The Bureau was not inside the palace; it was across the street. There wasn't room for the Minister to join Nyssa on the curiosipede, so it followed them across the boulevard. Nyssa wondered what the Bureau was like and what she would need to do to sort out her paperwork. The Minister dropped her off at the end of a long queue waiting for the attention of a little old lady, sitting at a desk in front of a truly intimidating rank of filing cabinets that looked like they'd really hurt if one fell on you or even just dropped a drawer on your head. Nyssa and Pomodoro were left alone in the line while the Minister returned to his palatial duties.

The people ahead of Nyssa gradually filed up, and received forms to fill out, and went to sit in chairs in the waiting room and write things on those forms for a considerable length of time. Nyssa had nothing to do to pass the time but look around and update her map with the lines of the city she'd seen. The name plate on the desk read "Cracy". When Nyssa reached the head of the line, the little old lady asked what the trouble seemed to be.

"One of the Queen's Ministers brought me here when I said I'd gone over the fence," Nyssa said.

"I see. Name?"

"Nyssa. And this is Pomodoro," said Nyssa.

"Reason for being in Ference?"

"Curiosity," said Nyssa, after thinking for a moment.

"Hmmm, hmmm, hmmm," hummed Cracy. "I see. Do you wish to solicit any additional premises?"

"Premises?" asked Nyssa.

"Premises. To prove that you are permitted in Ference by local ordinances," said Cracy. "You will begin with premises I approve for you and from there you may attempt to derive the legality of your presence."

"I - I'm afraid I don't know very much about logic," said Nyssa, alarmed.

"Then you'll need to be very careful about your premises," Cracy said, regarding Nyssa severely over her glasses.
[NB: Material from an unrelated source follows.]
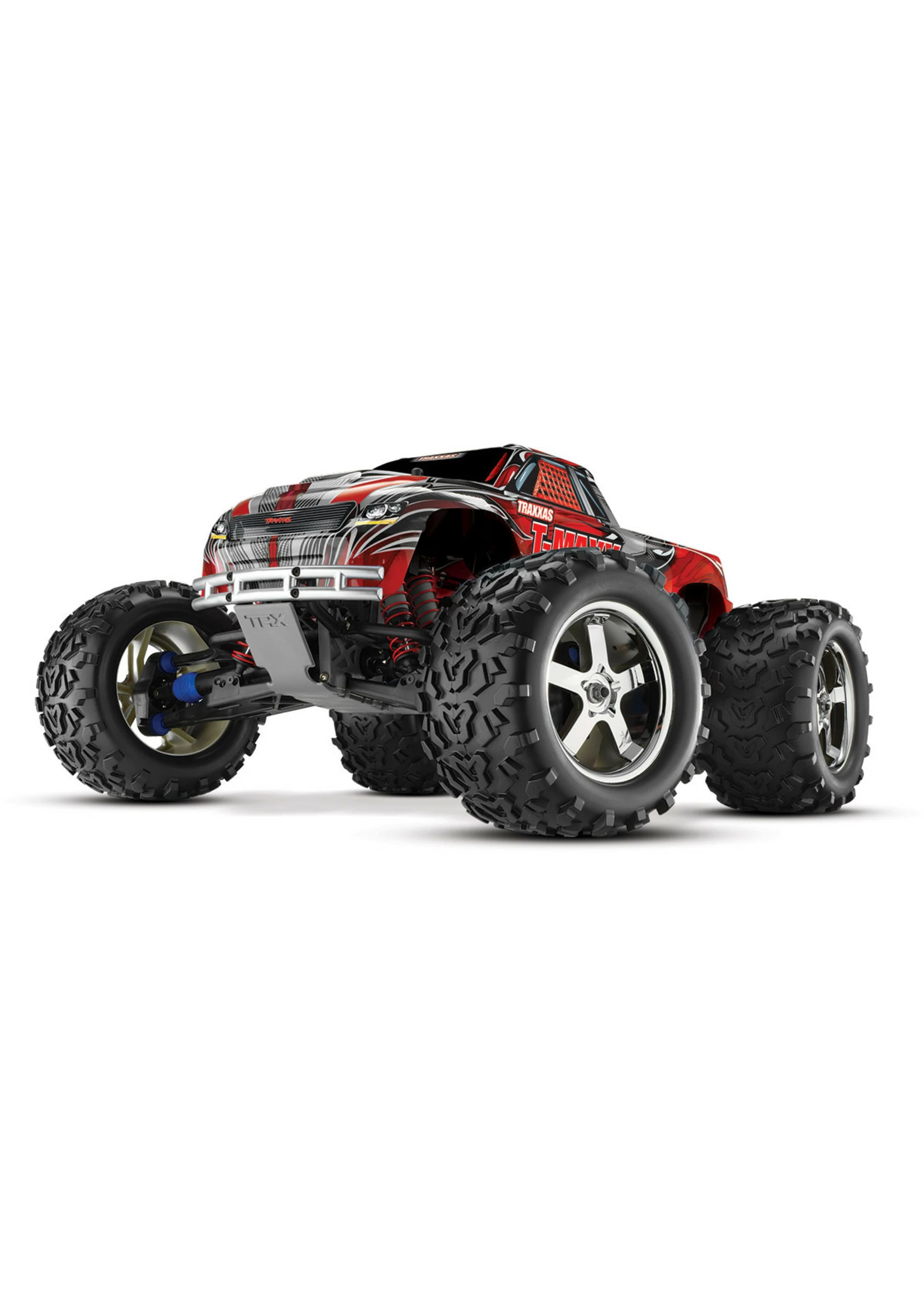 The T-Maxx 3.3 is the biggest Maxx ever. Giant Maxx tires deliver massive grip off-road and at 6.3″ tall, they add increased ground clearance to gobble up deep ruts and overcome huge boulders. In the city, urban obstacles such as curbs and stairs beckon for an all-out Maxx assault. Maxx tires come pre-glued to 3.8″ Mirror-Chrome Hurricane wheels. Traxxas engineers equipped the T-Maxx 3.3 with an extended wheelbase (30 mm longer) for maximum stability. T-Maxx is able to put more power the ground for even more acceleration and amazing directional control. There’s no skimping when it comes to the chassis. It’s formed from 4 mm thick 6061-T6 aluminum and then anodized in brilliant blue. Meaty chassis braces and a rugged skid plate add rock-solid rigidity.

"What happens if I can't prove it?"

"Well, if someone proves that you aren't allowed here, the case will be thrown out and so will you. If you can prove that it's unprovable either way, then you can appeal to the Queen, and if you can prove that you can't prove that it's unprovable or true or false, then those cases are resolved by the Princess. Unfortunately, she hasn't been around to hear any petitions for some time. The waiting room is getting a little full."

It was true; Nyssa could see people who appeared to be living in this waiting room, each camped out on their own chair with stacks of paperwork trying to make progress on their proofs, or taking breaks to nap under blankets of forms upon pillows of scratchwork. She saw a barbet, whose handwriting was large enough that she could read it from across the room; he was attempting to prove that it did not constitute a violation of local regulations to have fixed a bet after it was placed such that he won it.

"Can I -" Nyssa remembered the double negrater from the kitchen, containing something that wasn't not P. "Can I have the premise that I wasn't... not... allowed?"

"HMMMMMM," said Cracy. "HMMMMMMMMMMMMM indeed. Let me check." And she retreated to her filing cabinets, and heaved open a drawer that made a noise like a box of rocks tumbling down the stairs when it crashed open to its fullest extent, and she began to methodically flip through each folder hanging there, one at a time.

Nyssa began to be very aware of how the line behind her had grown. Someone coughed. She looked over her shoulder and a person queued three back was glaring at her.

"Steady now," Pomodoro whispered in her ear. "It's your turn and if you get it wrong you could be stuck here for a very long time."

"But they look impatient," Nyssa murmured back. "I can probably figure it out, right?"

"Not if you're stuck in this waiting room. It doesn't look like a very good place to study logic," Pomodoro answered. At that moment, a small man stuck in the farthest chair steadily etching line after line of proof on a stack of paper taller than he was (by the expedient of standing on a second, shorter stack) flung his pencil down and began weeping.

Nyssa nodded slightly and stood her ground, even when the man right behind her began to tap his foot.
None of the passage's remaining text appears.